Denim’s Divergence

By Revekah Echols

Spring brings several reinventions of the classic jeans

Pants are getting a little fancy this spring. While the millennium standard skinny jeans will not be immediately ejected from the fashion ecosystem like Styrofoam from a Sierra Club meeting, the continuum of denim styles and silhouettes is changing from a monolithic, uniform trend to a layered, multidimensional one (no, not like a pyramid scheme).

For the spring Adam Selman show, models wore dark rinse, cropped, wide-leg jeans with hems hand-painted in southwestern, Georgia-O’Keeffe-inspired flowers. Alexander Wang used jeans in a more subliminal way, stashing a slim legged white pair under a peau de soie and tulle evening dress. Even Ralph Lauren, who arguably cemented denim into the American fashion aesthetic, treated it delicately in tomboy suiting or fitted spaghetti strap dresses with tiered, frayed hems that resembled ostrich feathers. Whether it is fashion’s nervous tick to constantly reinvent the wheel or the splintered base of influence among consumers, the denim landscape is shifting, and not just in one direction.

The denim vocabulary, which already included handy, visually impacting terms like stove pipe, cigarette and boyfriend, now includes language that feels a little more technical, specific and maybe even a little political: kick flare, anti-fit, tulip hem and unisex. All to say, there is a lot out there.

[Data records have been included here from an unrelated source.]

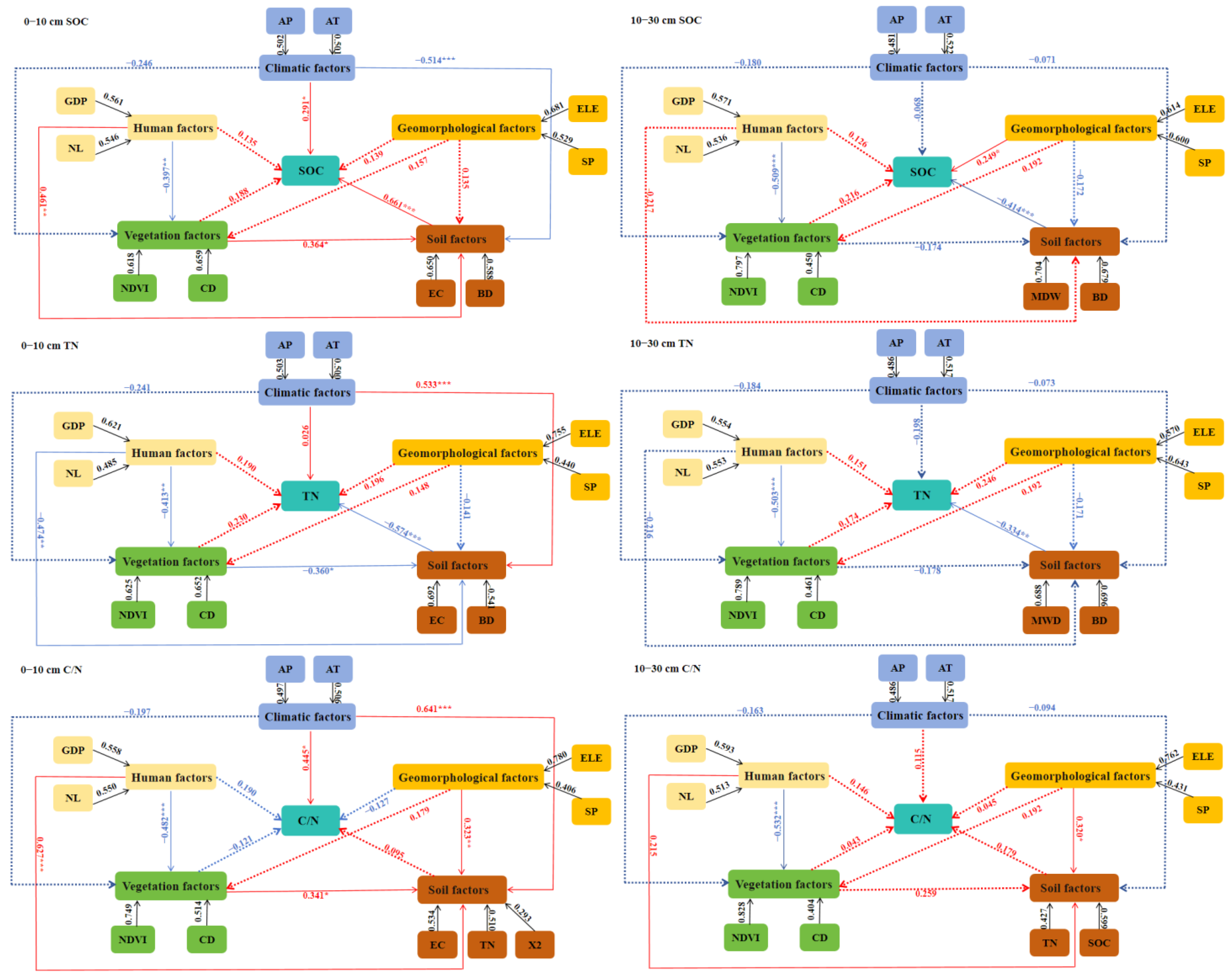 3.8. Structural Equation Analysis of SOC, TN, and C/N Using the Partial Least Squares Method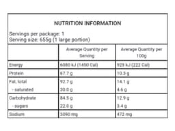Your meal is supplied in a container designed for heating in a conventional oven and microwave. Meals must be heated to a minimum internal temperature above 70°C. Do not remove lid. Reheating times are approximate: From frozen thaw on defrost setting for 9 mins. Once defrosted heat on high for 4-5 mins or until hot.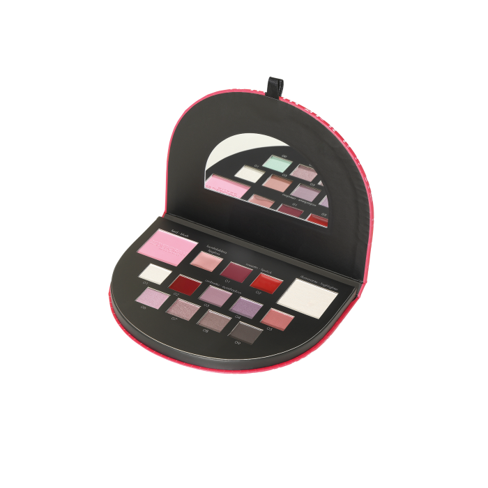 9 ombretti, 3 gloss/stick, 1 blush, 1 illuminante, 1 specchietto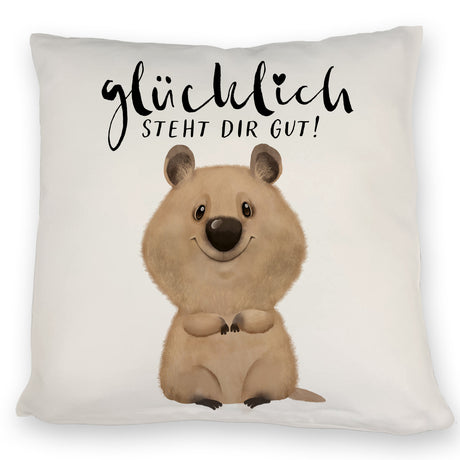 Quokka Kissen mit Spruch Glücklich steht dir gut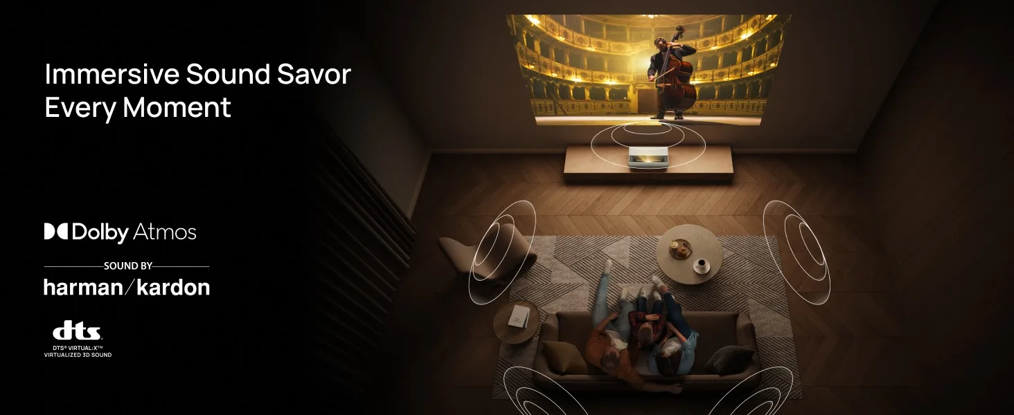 Tích hợp hệ thống loa Harman Kardon công suất 60W cùng công nghệ Dolby Atmos, Máy chiếu XGIMI Aura 2 mang lại trải nghiệm âm thanh vòm 360 độ sống động, với âm cao trong trẻo, âm trầm sâu lắng và giọng thoại rõ ràng. Nhờ chất lượng âm thanh đỉnh cao này, người dùng có thể thưởng thức phim ảnh và âm nhạc ngay lập tức mà không cần đến hệ thống loa ngoài.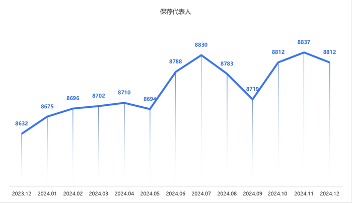 保荐代表人队伍在2024年底达到8812人,相比2023年底的8632人增加了180人,增幅约2.09%。年初为8632人,此后月份有增有减,虽有月度波动,但整体保荐代表人数较为稳定,且呈上升趋势。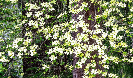 Washington State-Snoqualmie forest edge in spring with dogwoods blooming White Modern Wood Framed Art Print with Double Matting by Gulin, Sylvia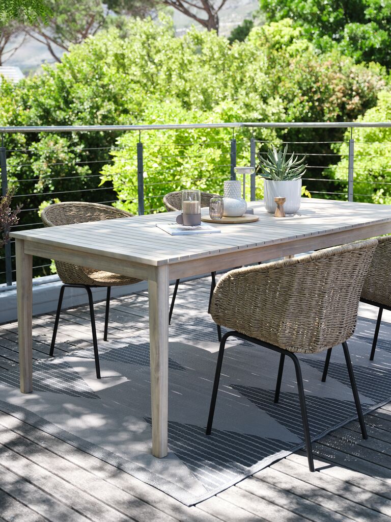 | Materiale | Struttura: Legno di acacia massello, Piano del tavolo: Legno di acacia massello, Gambe: Legno di acacia massello |

The easiest transition is to trade in a strictly skinny silhouette with a slim one, the difference being how much the jean breaks at the knee. While the hip, seat and thigh are still fitted, the leg opening from knee down is more generous, consequently creating a softer, more relaxed visual shape. The more interesting ones out there include Japanese or Italian piece goods in an ankle length with a frayed hem or some kind of clever embellishment to the seams.

Another great silhouette this spring is the flounced hem. One part cropped skinny, one part Spanish matador, the jean is straight forward until right below the knee, where the fabric starts to gather, creating a ruffle around the ankle. Different iterations include high-low hems, patchwork and color blocking. While more of an editorial look, the shape can become more egalitarian when worn with a straightforward shape on top, whether it is a crewneck, featherweight sweater or a tailored button-down.

Of course, for those who are ready to ditch the skinny with the pomp and grandeur of a Jean Paul Gaultier sailor or ’90s Japanese anime hero, there is the high-rise wide leg. Interestingly, this is both the most specific silhouette of the season in terms of appeal and the style that offers the greatest breadth of variety. Stella McCartney took the trend for a spin in a hazy blue washed palazzo style with a high, cinched paper-bag waist. Los Angeles based Citizens of Humanity will offer a cropped, stiffer, 1970s feel with a rounded, split tulip front. At Frame, designers executed the wide-leg jean from a more tailored perspective, incorporating double-front pleats, on-seam pockets and a more uniform dark rinse.

It doesn’t have to necessarily “mean” anything that the world’s wardrobe staple is not moving in a uniform direction anymore. It could converge once again or continue to move in multiple, diametric directions. In the meantime, adding a little fray or flounce this spring may just be, in short, the perfect antidote to a long, skinny winter.